### Data for review ###

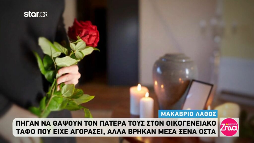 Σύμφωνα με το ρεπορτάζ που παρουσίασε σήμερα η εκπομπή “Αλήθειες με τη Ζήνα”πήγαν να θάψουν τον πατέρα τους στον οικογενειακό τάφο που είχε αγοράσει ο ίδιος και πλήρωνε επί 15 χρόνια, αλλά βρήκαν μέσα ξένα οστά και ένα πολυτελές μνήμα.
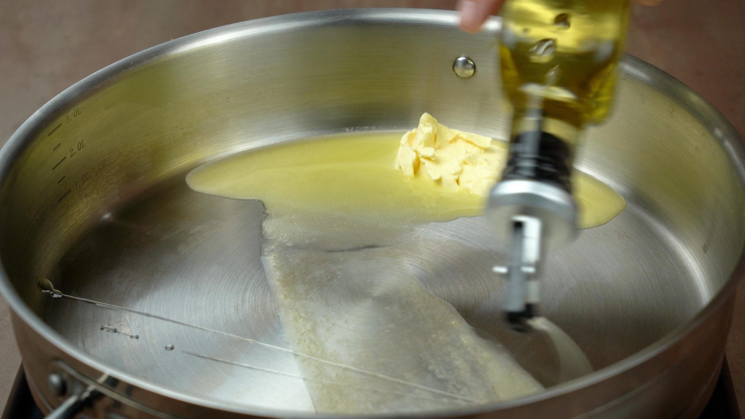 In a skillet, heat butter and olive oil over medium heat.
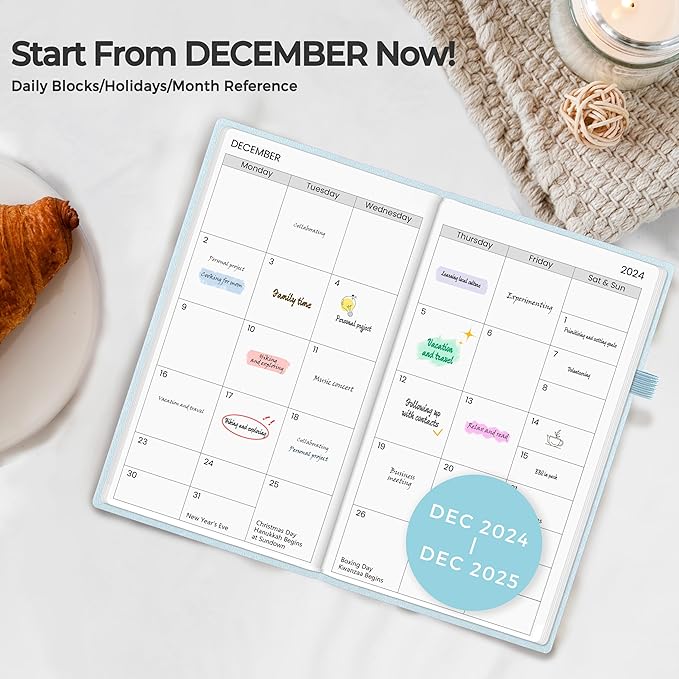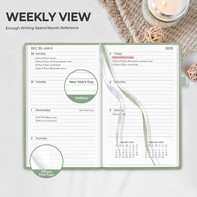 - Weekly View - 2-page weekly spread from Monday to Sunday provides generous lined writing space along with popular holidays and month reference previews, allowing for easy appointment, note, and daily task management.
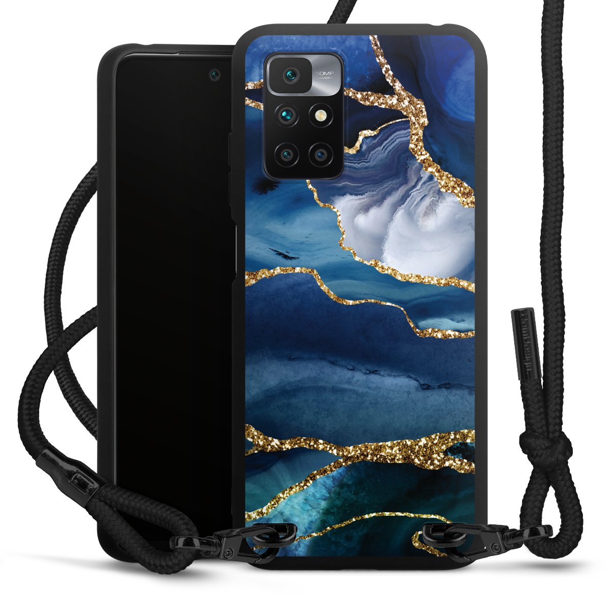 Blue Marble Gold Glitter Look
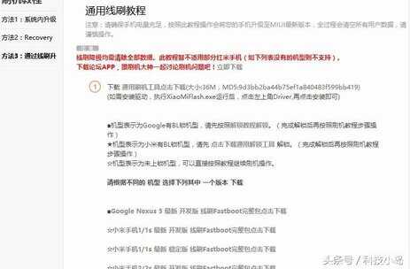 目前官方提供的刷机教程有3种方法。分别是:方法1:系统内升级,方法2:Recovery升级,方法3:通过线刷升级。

###
### Data for review ###

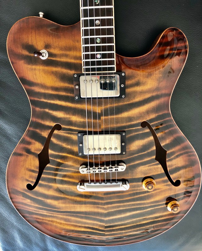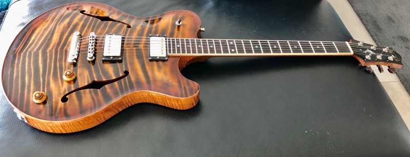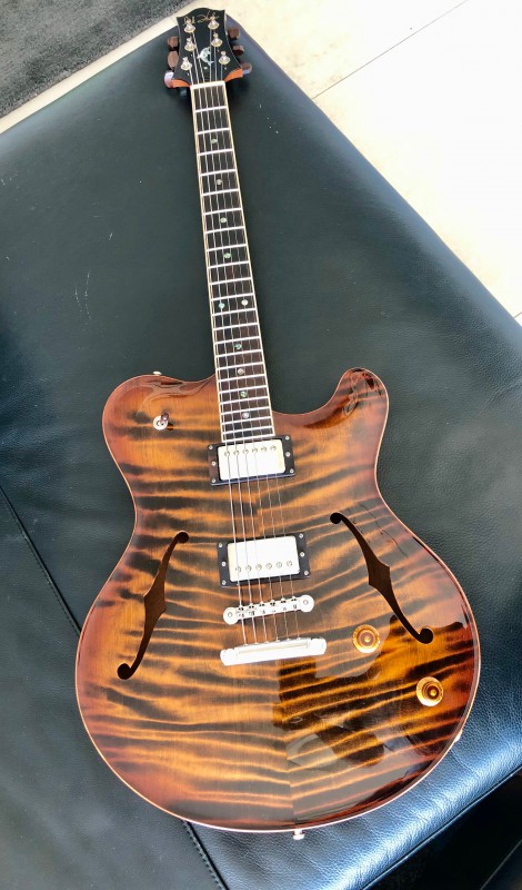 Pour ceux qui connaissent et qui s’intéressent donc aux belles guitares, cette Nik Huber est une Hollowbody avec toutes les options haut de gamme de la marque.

###

» **Work task**
Out of the records above, return only the lines from the one with "- Weekly View" through the one with "目前官方提供的刷机教程有3种", exactly, and none of the pictures.

» **Task solution**
 - Weekly View - 2-page weekly spread from Monday to Sunday provides generous lined writing space along with popular holidays and month reference previews, allowing for easy appointment, note, and daily task management.
 Blue Marble Gold Glitter Look
 目前官方提供的刷机教程有3种方法。分别是:方法1:系统内升级,方法2:Recovery升级,方法3:通过线刷升级。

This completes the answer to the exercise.